Hieroglyph (early 2015)
Fox gave this historical action drama set in ancient Egypt a 13-episode straight-to-series order in October 2013 and released a trailer in May 2014. The network subsequently canceled the series in July 2014, after a single episode had been shot and several scripts had been written.[37]
Hollyweird (1998)
A show about "the adventures of an intrepid pair of friends from Ohio who take their love for the macabre and use it to solve crimes plaguing Los Angeles",[38] the show was to star Melissa George, Bodhi Elfman and Fab Filippo.

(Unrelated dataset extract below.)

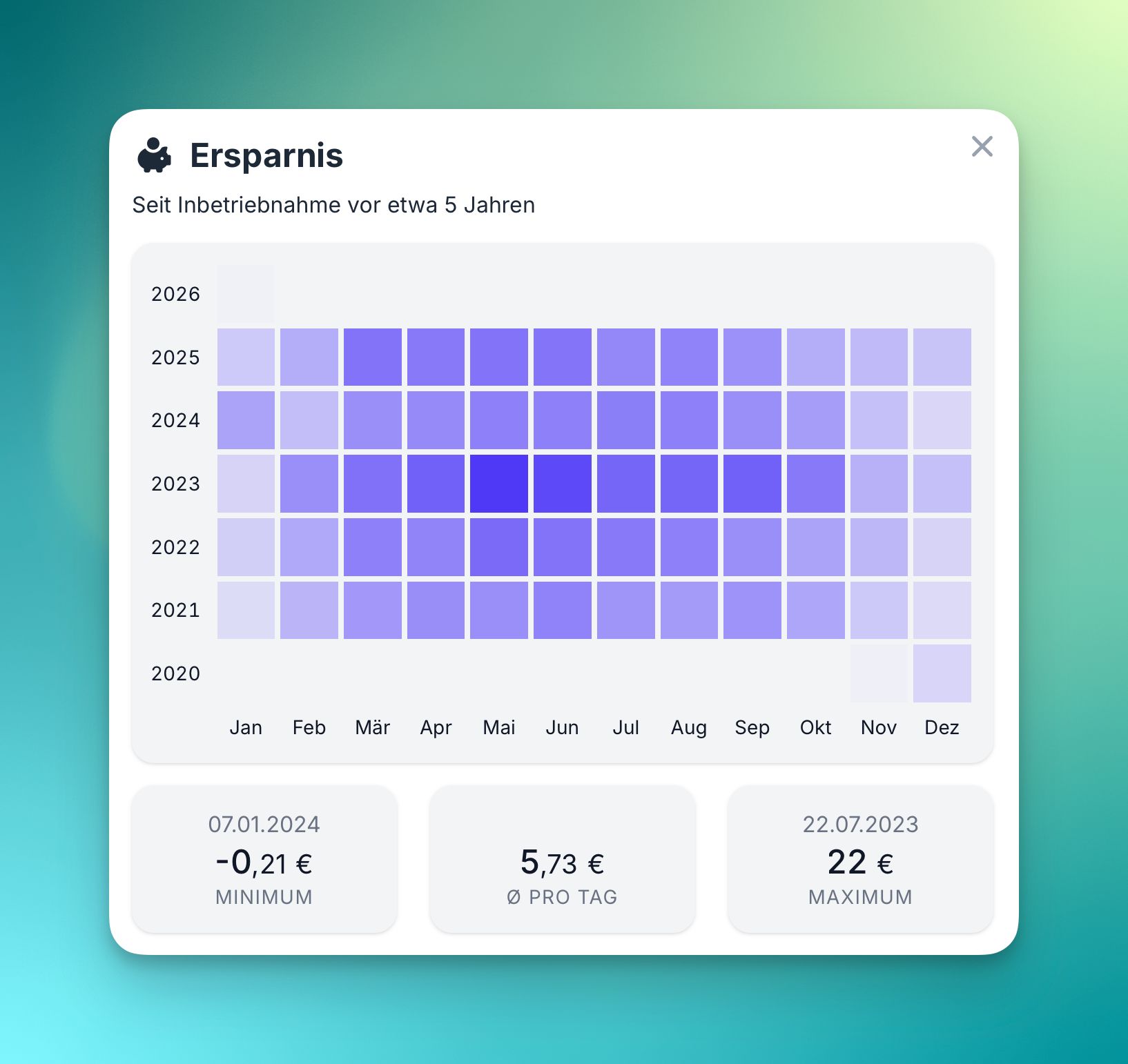Kosten, Ersparnis, Einspeisevergütung – bisher nur als Summe sichtbar, jetzt auch als Verlauf über die Zeit. Wer wissen will, wo das Geld hingeht (oder herkommt), wird sich über die neuen Finanzdiagramme freuen:
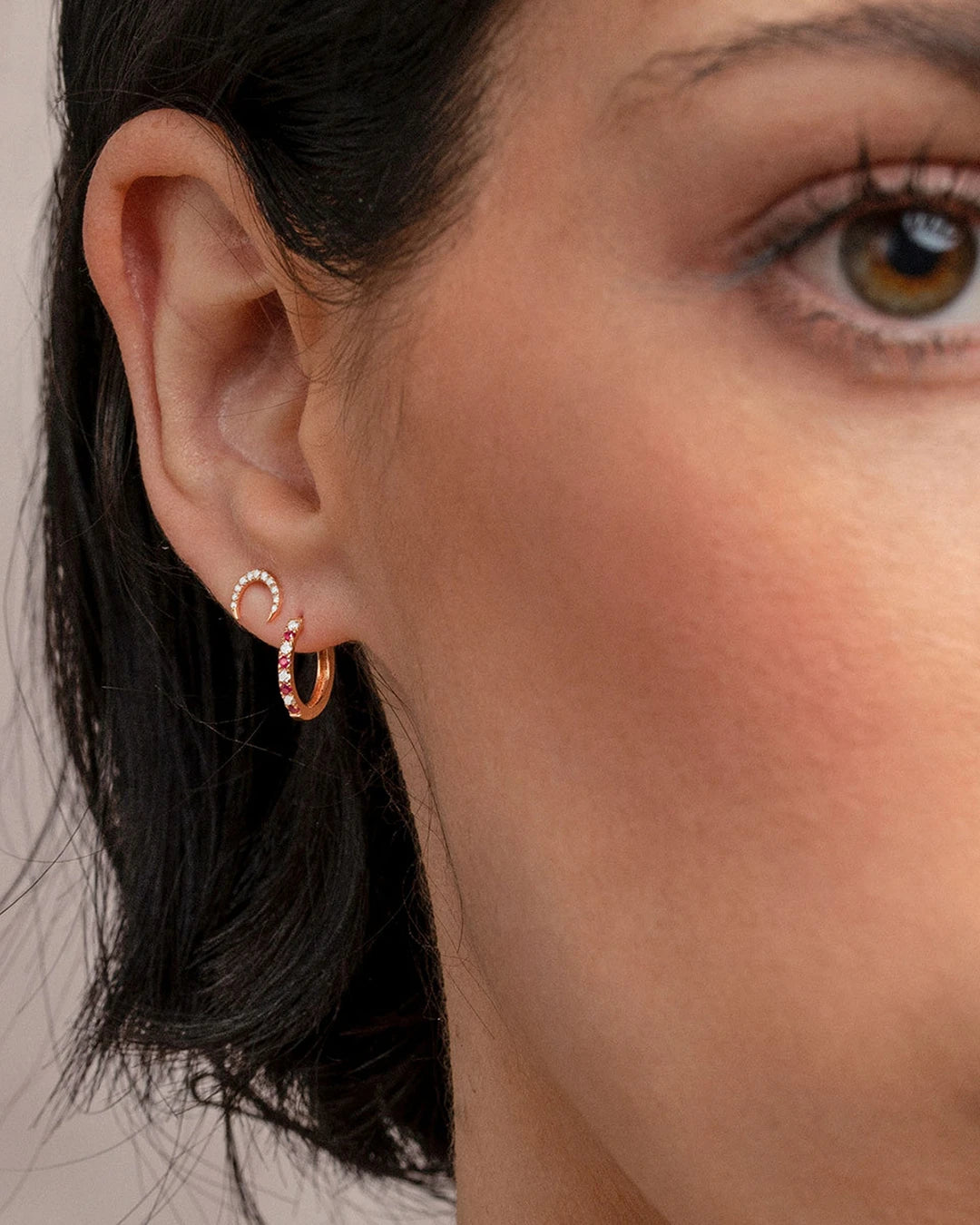 Pendiente Piercing Luna Moon Diamonds elaborado en oro rosa de 18 Kt. Un delicado pendiente tipo piercing diseñado para elevar cualquier ear look y hacerlo tuyo. En estos pendientes, los diamantes son minuciosamente montados en forma de media luna en estado menguante evocando las distintas formas celestes que forman esta mágica colección. Cuentan con el tamaño perfecto para convertirse en un básico de tu día a día, adaptándose a la perfección al agujero en que prefieras llevarlos. Si lo deseas, puedes pedirlo con un cierre especial de rosca para hélix o cartílago, puedes pedirlo en el menú (este extra tiene un coste adicional de 6€). ¡Únete a la tendencia de moda y revoluciona tu ear look con Mumit!

The pilot was ordered to series; however, Fox's tinkering and delays[39][40] frustrated creator Shaun Cassidy, who pulled out of the project, saying that Fox had forced him to spend "much of the last year trying to fix something I never viewed as broken in the first place." Ultimately, production never went ahead on the show.[31][41][42]
Hooligan's Island (2013)
A projected British sitcom television series created by, written by and starring Ade Edmondson and Rik Mayall.[43] The show was to be a spin-off sequel to Mayall and Edmondson's BBC Two sitcom, Bottom, which ran from 1991 to 1995, and was based on the sitcom's 1997 stage tour, Bottom Live 3: Hooligan's Island, with the show's characters Richie and Eddie stranded on a desert island. It was due to air on BBC Two in 2013.[44] On 15 October 2012, Edmondson announced during an interview with BBC Radio Essex that he had pulled out of the new series of Hooligan's Island stating that he wished to pursue other interests.[45]
Hotel Story (1977)
This Australian series made by Crawford Productions was canceled by Network Ten before a single episode aired and only seven episodes taped. After Network Ten canceled the series, Crawford Productions found their series' contract had never been signed, so they had no legal redress. The first four episodes later went to air as a "miniseries" screened over two nights (July 13 and December 27, 1977).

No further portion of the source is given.